Abstract

Anaerobic digestion of biopolymers into methane is accomplished by complex microbial communities that remain poorly characterized. Their composition tends to vary, likely as a result of many factors such as substrate composition, operating parameters, and microbial succession. In order to gain further insight, we performed a comparative analysis of microbial community composition amongst four mesophilic full scale anaerobic digesters, using a combined total of 133,789 high quality, non-chimeric bacterial and methanogen sequence reads from PCR-generated amplicons of the 16S rRNA gene. In three digesters that used manure as their main substrate, methanogen populations were composed predominantly of a common Methanosarcina-related Operational Taxonomic Unit (OTU). The composition of bacterial populations in these digesters was more diverse, with the most highly represented OTUs consisting of different combinations of Bacteroidetes-Chloroflexi or Bacteroidetes-Firmicutes-unclassified bacteria.
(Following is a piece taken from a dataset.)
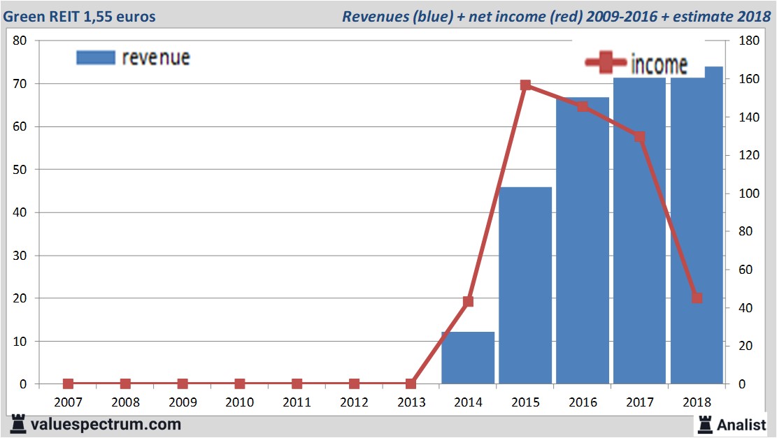Green REIT zal morgen haar resultaten over het voorbije kwartaal publiceren. Over het huidige boekjaar komt de omzet volgens de analisten uit op 73,93 miljoen euro. Dit is beperkt meer dan de omzet over 2017 toen de omzet 72,36 miljoen euro bedroeg.

In contrast, the dominant methanogen OTU in the remaining digester, whose substrate consisted of manure and offfarm lipid waste, was related to species of the genus Methanoculleus, and two bacterial OTUs (Chloroflexi and unclassified) together represented 83.7% of bacterial sequence reads. Our results suggest that while methanogen composition in anaerobic dairy manure digesters appeared to be limited to two main profiles, there was very limited convergence in bacterial phylogenetic composition. Since the major bacterial OTUs identified corresponded to uncultured species belonging to uncharacterized genera, future investigations will be required to determine their biochemical roles and assess the level of functional redundancy among them.